Entries taken from a collection:

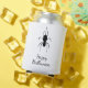 Spooky Halloween can cooler, with a simple gothic black spider and customisable script typography. Great for your guests at your next autumn or costume party.
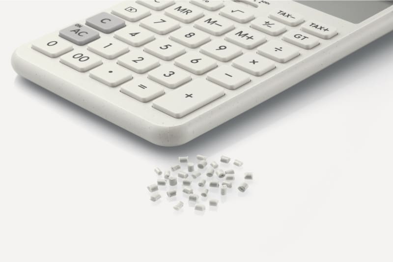 Recycled plastic is used for 59%* of the main body of the calculator. - Retractable Stand
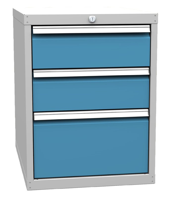 Three-drawer container DPP 02A, width 500, height 660, depth 700 mm. 2x socket 150, 1x 240 mm. Body color RAL 7035 light gray. full description and parameters
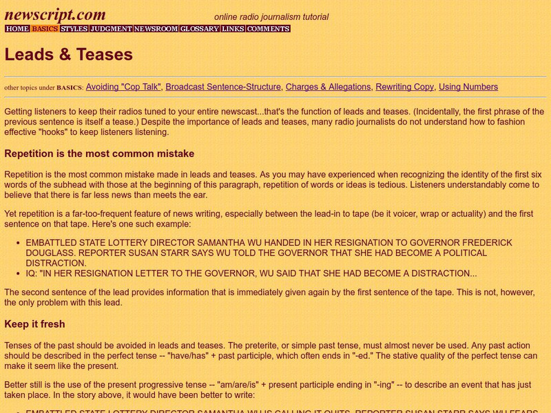 This is a fabulous site for learning all about writing news for the radio. Lots of links and great tips!
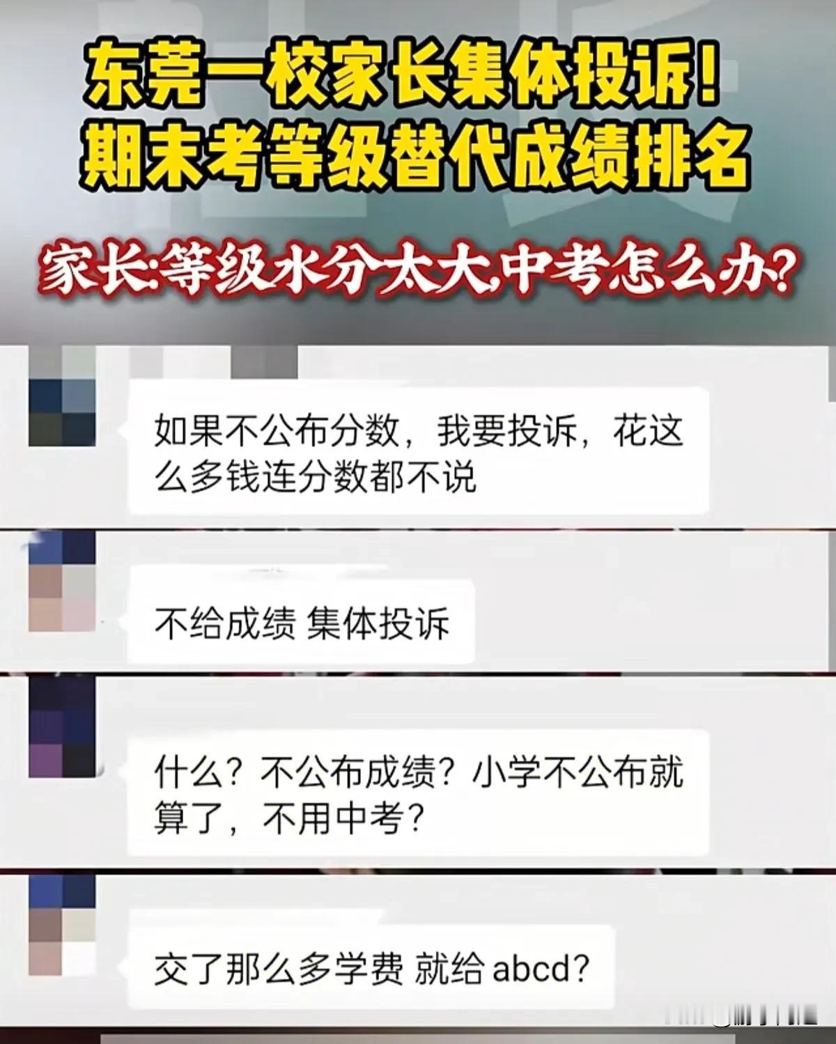 今日,东莞市某民办初中因未公开期末考试成绩,导致家长群体产生忧虑情绪。 该校初一年级发布通告,明确表示期末成绩将以ABCD等级形式呈现,此举引发了部分家长的不满要投诉。 与此同时,数日前东莞虎门某小学六年级教师因将分数直接标注于试卷上,同样遭到家长投诉,相关部门回应称未来将采用等级评分制。 此前有家长因公开成绩而投诉,如今又有家长因未公开成绩要投诉,双方各有其合理诉求,这有点让东莞市教育局陷入两难境地了。
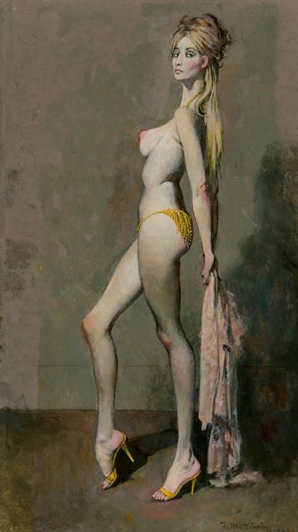 Editor: We're looking at "Natalie" from 2015 by Robert McGinnis, an oil painting. It strikes me as intentionally classic, like a modern take on an odalisque, but… the shoes feel contemporary. What do you see in it? Curator: Well, I immediately see a dialogue being set up between traditional oil painting techniques, readily associated with a certain level of ‘high art’, and this almost commercial, pin-up sensibility. How are traditional materials employed here to either reinforce or subvert existing structures within the art world? Editor: So, the *process* of using oil paint is significant here? Is it about the tension between a classical technique and a potentially "lower" subject? Curator: Precisely. The medium carries its own baggage. Oil paint traditionally allowed for precise rendering, as seen here. Yet, consider the background. That hazy green. Is that laziness, cost-cutting, or a deliberate decision to juxtapose highly refined technique with something more ambiguous, perhaps referencing mass production techniques? What’s being revealed about labor itself? Editor: I hadn't thought about that contrast within the *same* work. So, we're meant to consider *why* these materials were used in this specific way? And also the economic conditions of making this art, to better understand it? Curator: Exactly! The oil paint itself becomes an active participant in the reading of the image, not just a passive carrier of the image itself. Think about where the paints originate and the cost. All choices influence meaning. Editor: I never thought about it like that, about reading materials themselves for clues. That definitely gives me a lot to think about when looking at paintings. Curator: Indeed. It compels us to really question the layers of production at work, complicating what might initially appear as simply a classically rendered portrait.
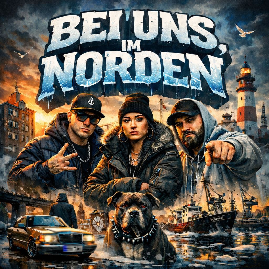 hip hop, plattdeutsch, language is in focus, clear speaking voice, 85-90 bpm, old-school beats, scratching, crackling and hissing record sounds, male vocals, female vocals, happy, uplifting
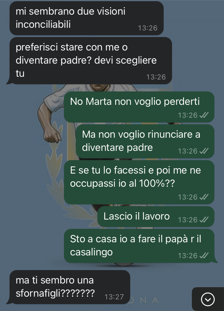 Recentemente, però, qualcosa è cambiato nell’animo del nostro fan. Ha iniziato a provare un desiderio che non aveva mai sperimentato prima, un pensiero che lo accompagna sempre più frequentemente nei momenti più inaspettati. Il problema principale è che Marta non condivide questo stesso desiderio. La ragazza aveva già espresso chiaramente la sua posizione fin dall’inizio della loro relazione, ma all’epoca Francesco era d’accordo con lei. Il follower ammette che, nel profondo, sperava che crescendo entrambi avrebbero cambiato idea e si sarebbero sentiti pronti quando fossero diventati più maturi.
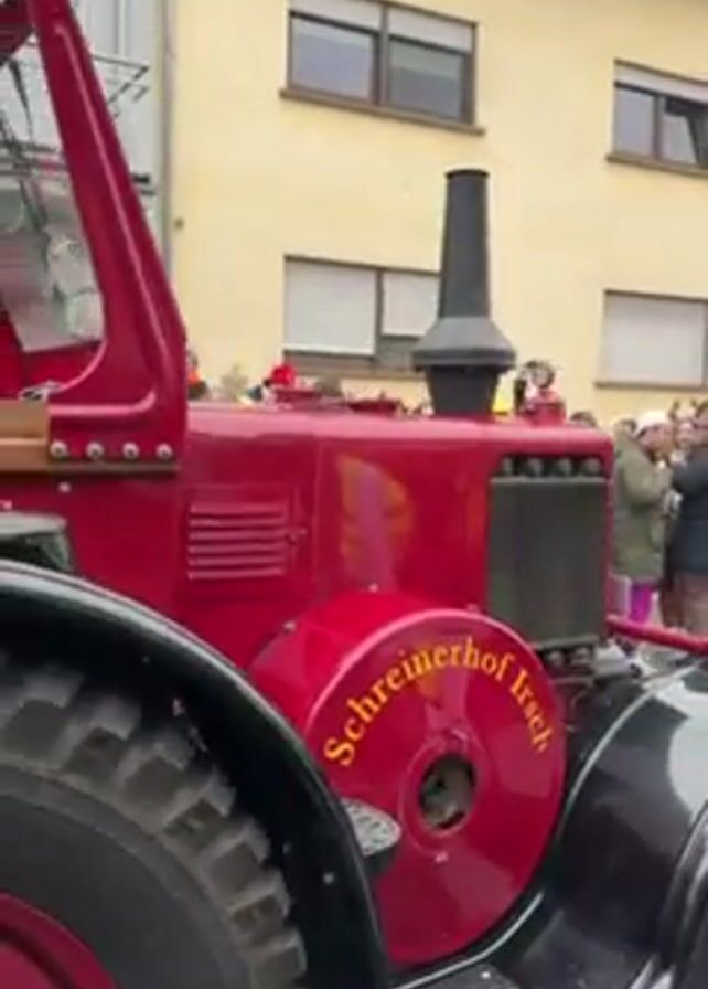 vintage red tractor with "Schreinerhof Irsch" written on the wheel
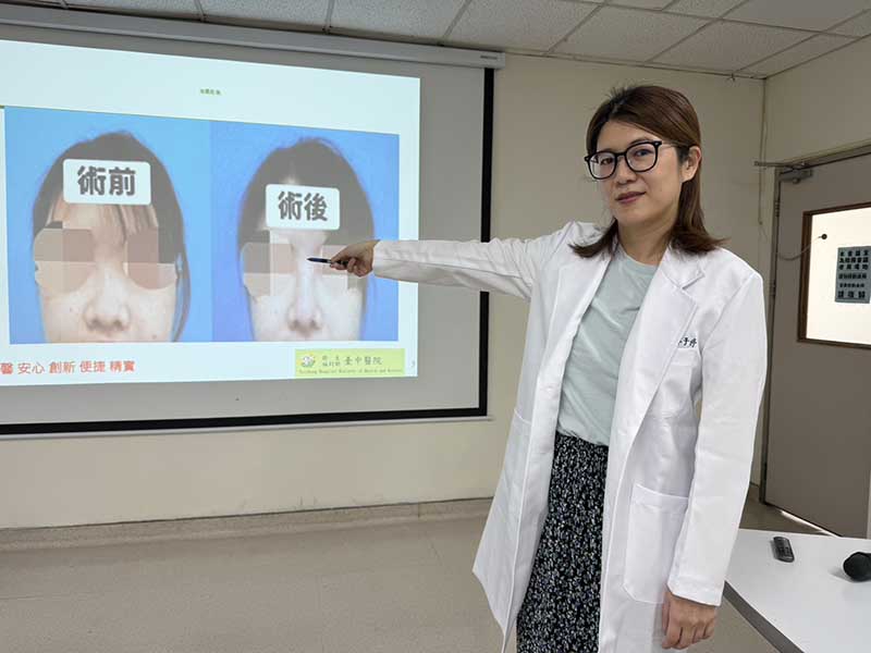 衛生福利部臺中醫院耳鼻喉科林于婷醫師說,患者外傷後到醫院時,右側鼻腔因鼻中膈軟骨被撞到彎曲阻礙呼吸道,外觀更是變成扁歪鼻,原本先接受鼻骨復位手術,但是無法恢復原本的堅挺鼻樑,經與患者討論評估,發現患者本身的耳軟骨太薄太軟不適合重建使用,最後決定取三公分自體肋軟骨重建鼻樑。
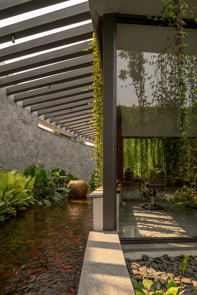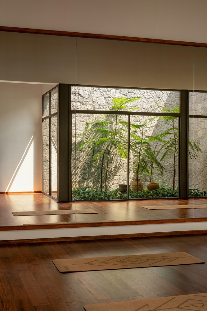 在功能上,会所包含宴会厅、短住客房、剧院、壁球馆、羽毛球馆、图书馆、咖啡厅、游戏室、餐厅、游泳池、水疗中心、瑜伽室和健身房。每个区域都设计为向自然敞开的形态:图书馆和咖啡厅毗邻宁静的水域,周边种植着寺庙树(temple trees);圆形餐厅和水疗中心则俯瞰着热带水景,水景由爬满植物的 pergola(花架)框定。
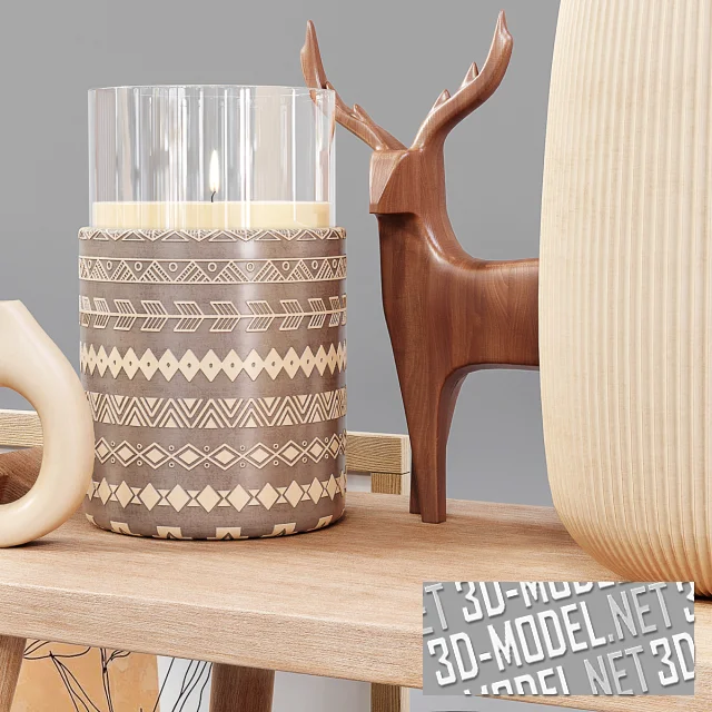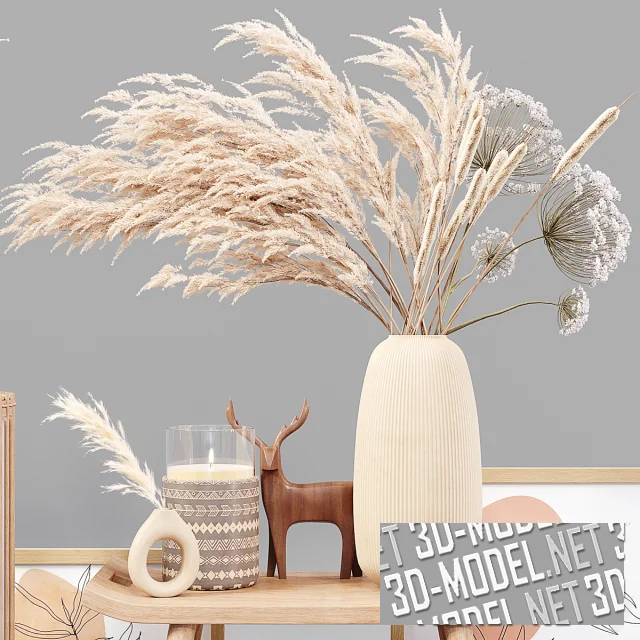 Декоративный сет, все элементы которого объединяет приятная цветовая гамма. В наборе вазы с сухими букетами и без, картины, статуэтка оленя, свечи. Гармония и натуральность делает комплект универсальным украшением и дополнением любой обстановки.
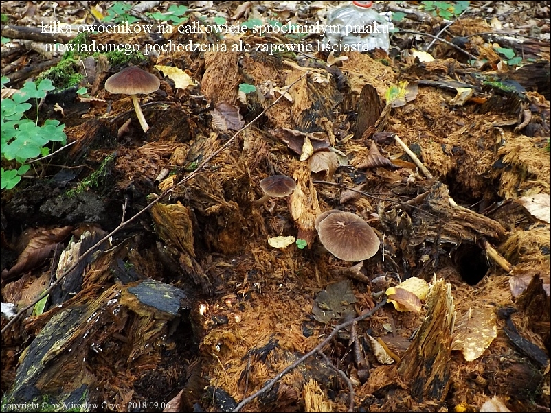 Substrat: KIlka owocników na próchnie powstałym z pniaka po ściętym drzewie.
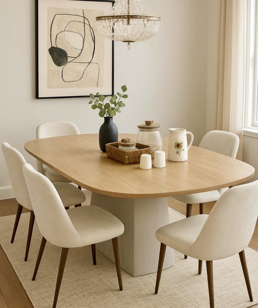Featuring smooth contours and natural textures, this warm dining setup includes an oval wooden tabletop resting on a softly colored pedestal base, paired with cream chairs. The neutral palette enhances the airy feel, making it suitable for both everyday meals and special occasions. This design perfectly captures the essence of modern luxury wood style, ideal for apartments and suburban homes alike.

■ REQUIRED WORK ■
Look above for the line with "vintage red tractor" and copy exactly from it through the line with "衛生福利部臺中醫院耳鼻喉科林", both included. Omit the pictures.

■ EXERCISE RESPONSE ■
 vintage red tractor with "Schreinerhof Irsch" written on the wheel
 衛生福利部臺中醫院耳鼻喉科林于婷醫師說,患者外傷後到醫院時,右側鼻腔因鼻中膈軟骨被撞到彎曲阻礙呼吸道,外觀更是變成扁歪鼻,原本先接受鼻骨復位手術,但是無法恢復原本的堅挺鼻樑,經與患者討論評估,發現患者本身的耳軟骨太薄太軟不適合重建使用,最後決定取三公分自體肋軟骨重建鼻樑。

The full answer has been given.